Retype exactly the span of lines below from the one with "Top photo –" through the one with "IF 63KA IX - Horno". Do not include pictures.
START Data to examine
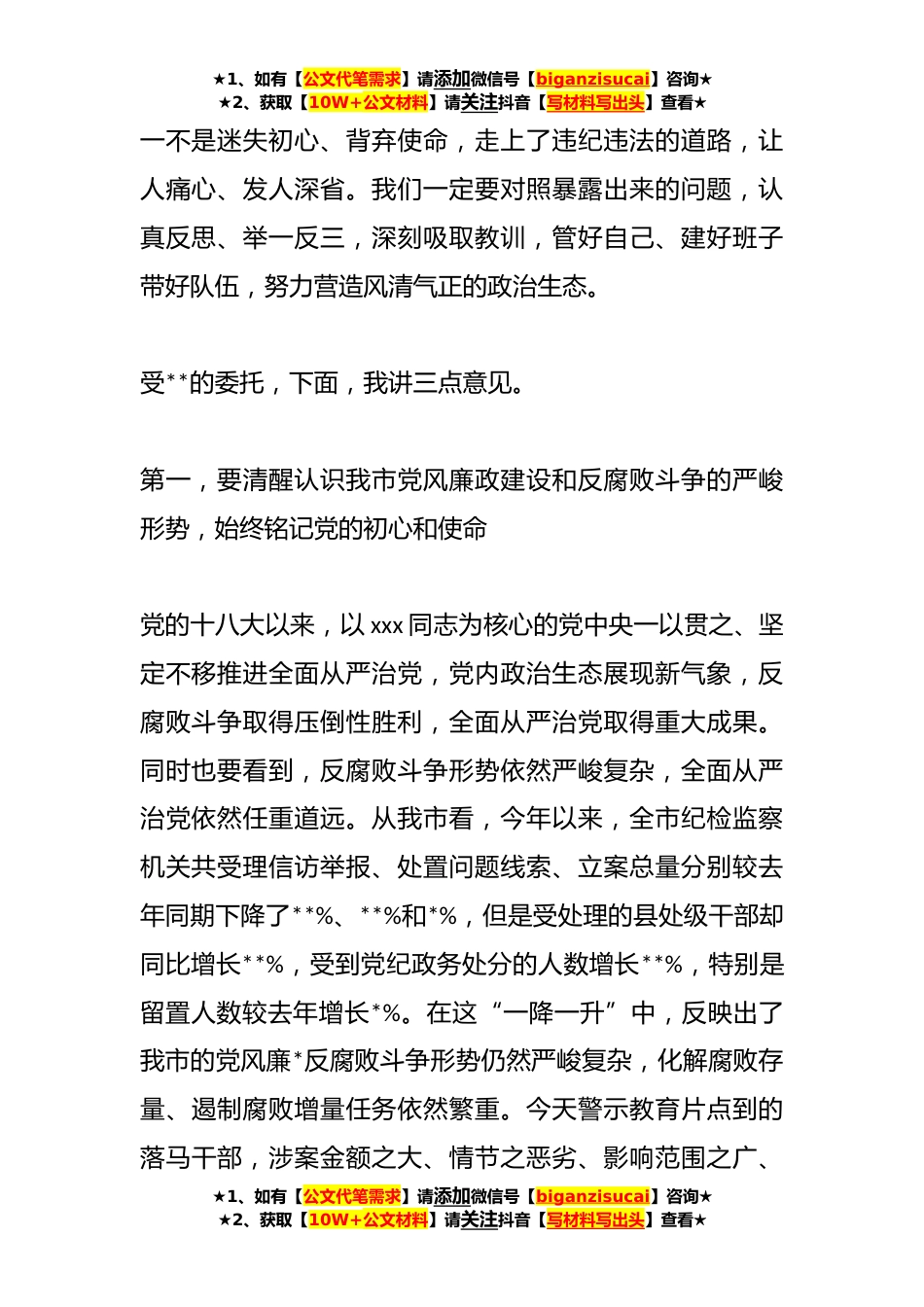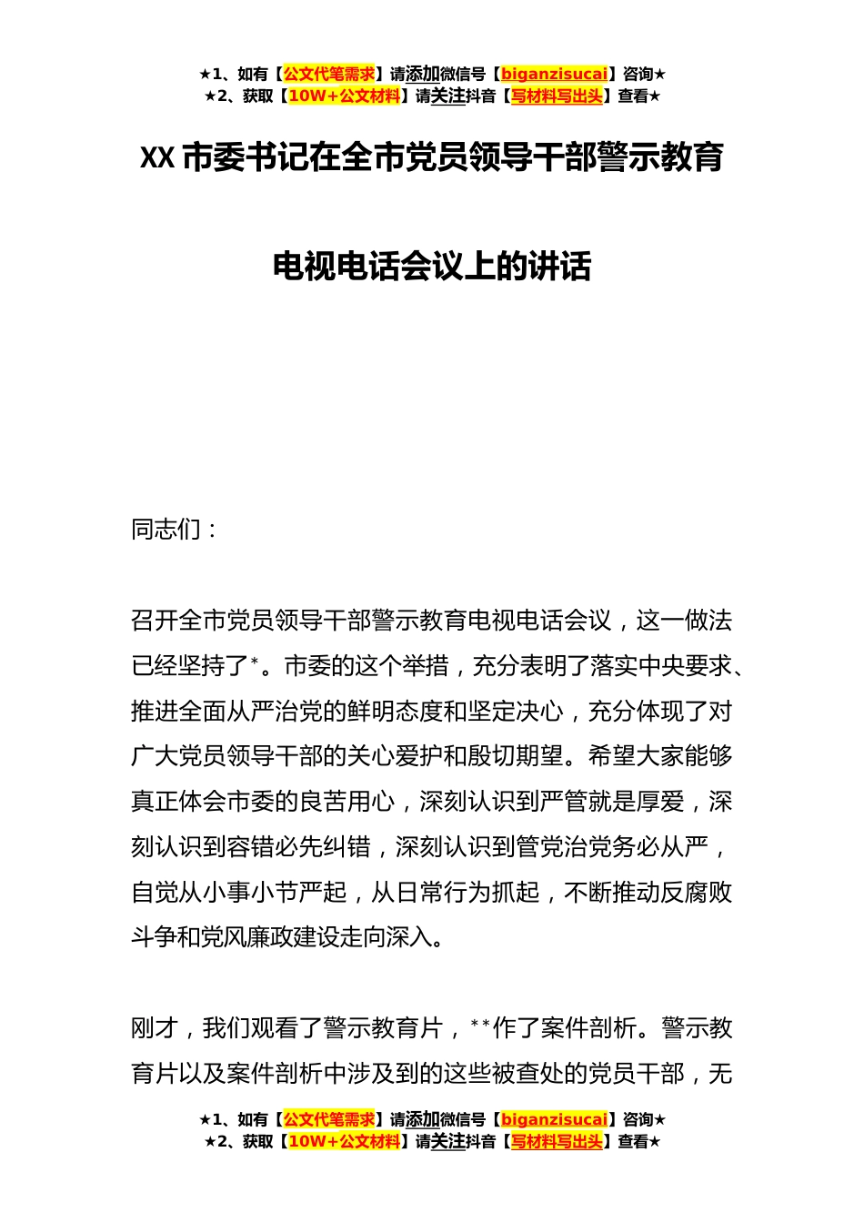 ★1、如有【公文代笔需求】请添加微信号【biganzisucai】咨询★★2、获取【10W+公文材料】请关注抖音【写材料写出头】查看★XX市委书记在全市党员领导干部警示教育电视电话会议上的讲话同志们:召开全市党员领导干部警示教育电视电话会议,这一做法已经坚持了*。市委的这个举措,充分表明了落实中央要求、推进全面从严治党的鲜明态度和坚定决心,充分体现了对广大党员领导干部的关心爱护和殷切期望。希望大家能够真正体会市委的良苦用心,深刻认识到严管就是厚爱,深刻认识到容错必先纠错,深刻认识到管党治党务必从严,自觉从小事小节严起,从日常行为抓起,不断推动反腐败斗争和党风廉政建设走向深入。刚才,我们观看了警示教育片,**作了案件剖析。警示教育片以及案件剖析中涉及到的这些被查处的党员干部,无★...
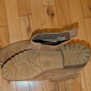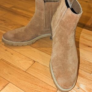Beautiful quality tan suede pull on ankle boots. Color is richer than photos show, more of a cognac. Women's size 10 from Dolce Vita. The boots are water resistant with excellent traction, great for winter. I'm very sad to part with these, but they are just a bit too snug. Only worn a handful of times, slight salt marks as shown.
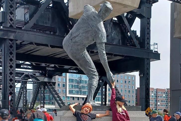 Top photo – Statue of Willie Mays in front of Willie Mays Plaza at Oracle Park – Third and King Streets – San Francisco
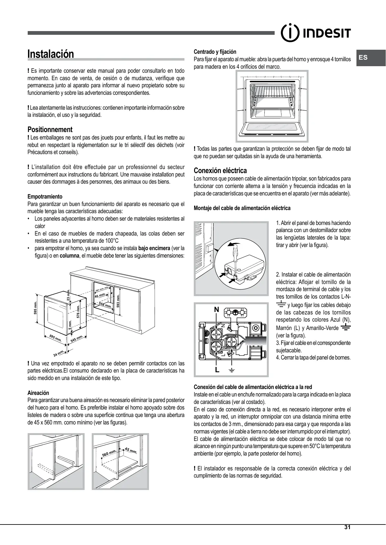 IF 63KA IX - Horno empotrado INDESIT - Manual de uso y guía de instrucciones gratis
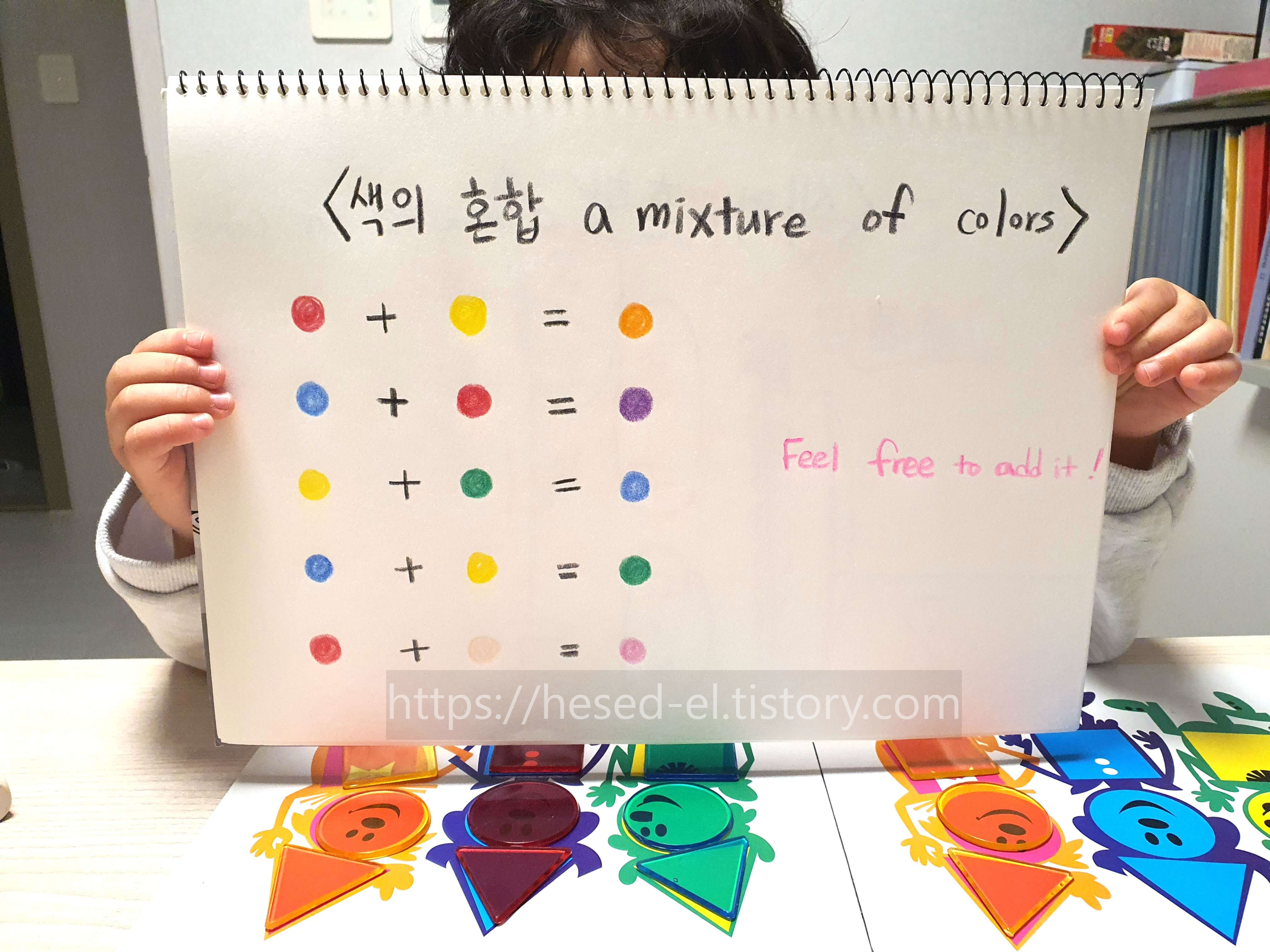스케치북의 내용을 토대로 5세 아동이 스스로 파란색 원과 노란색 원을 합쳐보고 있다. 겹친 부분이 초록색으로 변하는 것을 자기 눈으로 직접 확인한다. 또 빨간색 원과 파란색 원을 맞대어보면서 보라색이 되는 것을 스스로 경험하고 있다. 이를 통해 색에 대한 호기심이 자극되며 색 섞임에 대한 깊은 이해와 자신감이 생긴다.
END Data to examine
Exercise solution:
 Top photo – Statue of Willie Mays in front of Willie Mays Plaza at Oracle Park – Third and King Streets – San Francisco
 IF 63KA IX - Horno empotrado INDESIT - Manual de uso y guía de instrucciones gratis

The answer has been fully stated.